The AR6 also acknowledges the importance of natural internal variability, in many of the Chapters.  CMIP6 included Single Model Initial Condition Large Ensembles (SMILEs; section 6.1.3).  However, there are substantial disparities between the large-scale circulation variability in observations versus most models (IPCC AR6 Chapter 3) – decadal variability that is too strong and multi-decadal and centennial variability that is too weak. A few of the models seem to do a pretty good job, notably GFDL.

Here are the ensemble forecasts for SSP2-4.5, including the projections from the individual models, the ‘constrained’ versus ‘unconstrained’ 90% range, and the AR6 best estimate (note this image was pulled from a CarbonBrief article). The AR6 best estimate is near the lower end of the entire range; this bias doesn’t allow much scope for natural variability (particularly of the multi-decadal variety) at the lower end of the model range to truly illustrate a realistic time range as to when we might pass the 1.5 and 2C ‘danger’ thresholds.

To minimize some of the problems related to constraining the projections, there is an emphasis on assessing impacts at different levels of global warming, e.g. 2, 4 degrees C.

Regional projections

The IPCC AR6 report provides a substantial emphasis on regional climate change (Chapters 10, 12). The focus is on a distillation of diverse sources of information and multiple lines of evidence, and indirectly acknowledges that global climate models aren’t of much use for regional projections.

Climate emulators

Since the Special Report on 1.5 degrees, the IPCC has increasingly emphasized the use of climate emulators, which are highly simplified climate models (see this CarbonBrief article for an explainer) that are tuned to the results of the global general circulation model based Earth System Models.

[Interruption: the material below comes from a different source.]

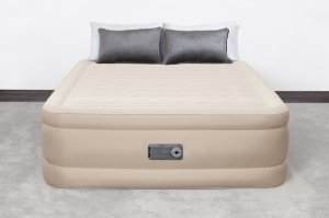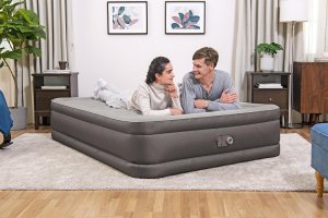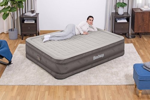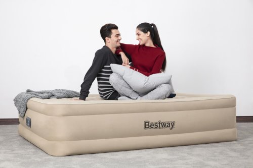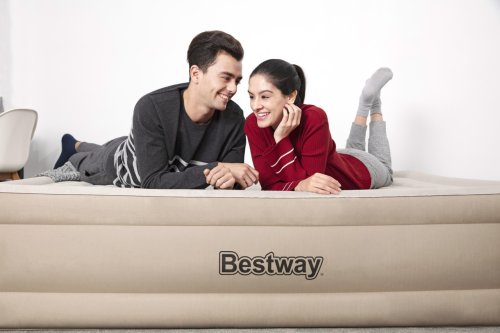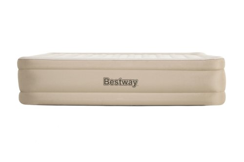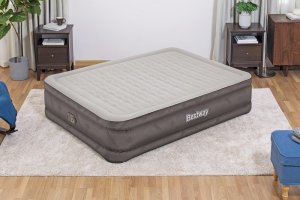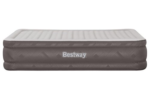 Bestway® Nafukovací matrace Fortech™ Queen nabízí vysoký komfort a dlouhou životnost díky inovativnímu materiálu Fortech™, který kombinuje PVC a polyester. Oproti běžnému PVC je až o 10 % lehčí, přitom však o 75 % odolnější proti roztržení, o 92 % méně náchylný k deformaci a až 150x odolnější proti oděru. Speciální tkaná struktura navíc zajišťuje, že povrch není ani příliš horký, ani studený. Luxusní Premium Soft Top™ povrch se dvěma vrstvami zajišťuje měkké ležení, zatímco vnitřní konstrukce podporuje správnou polohu těla a rovnoměrné rozložení tlaku. Rámová konstrukce pomáhá zabránit sklouznutí během spánku. Díky integrované elektrické pumpě je postel nafouknutá za 5 minut a po použití ji snadno vyfouknete a uložíte do přiložené tašky. Vestavěné elektrická pumpa funguje na střídavý proud 220–240 V. Matrace je vhodná pro vnitřní použití. Obsah: 1 nafukovací matrace, 1 úložný vak, 1 opravná záplata. Počet osob: 2. Maximální nosnost: 350 kg. Rozměr nafouknuté matrace: 46 x 152 x 203 cm. Rozměr balení: 35 x 39 x 22 cm.

These models are very convenient for policy analysis, enabling pretty much anyone to run many different scenarios.

And there’s no reason why this general framework couldn’t be expanded to include future scenarios of warming/cooling related to volcanoes and solar, and also multi-decadal internal variability. This framework could be very useful for regional climate projections.

However, climate emulators are not physics-based models.

Are global climate models the best tools?

Text from an essay I am writing:

In the 1990’s, the perceived policy urgency required a quick confirmation of dangerous human-caused climate change. GCMs were invested with this authority by policy makers desiring a technocratic basis for their proposed policies.  Shackley et al.  However, both the scientific and policy challenges of climate change are much more complex than was envisioned in the 1990’s. The end result is that the climate modeling enterprise has attempted a broad range of applications driven by needs of policy makers, using models that are not fit for purpose.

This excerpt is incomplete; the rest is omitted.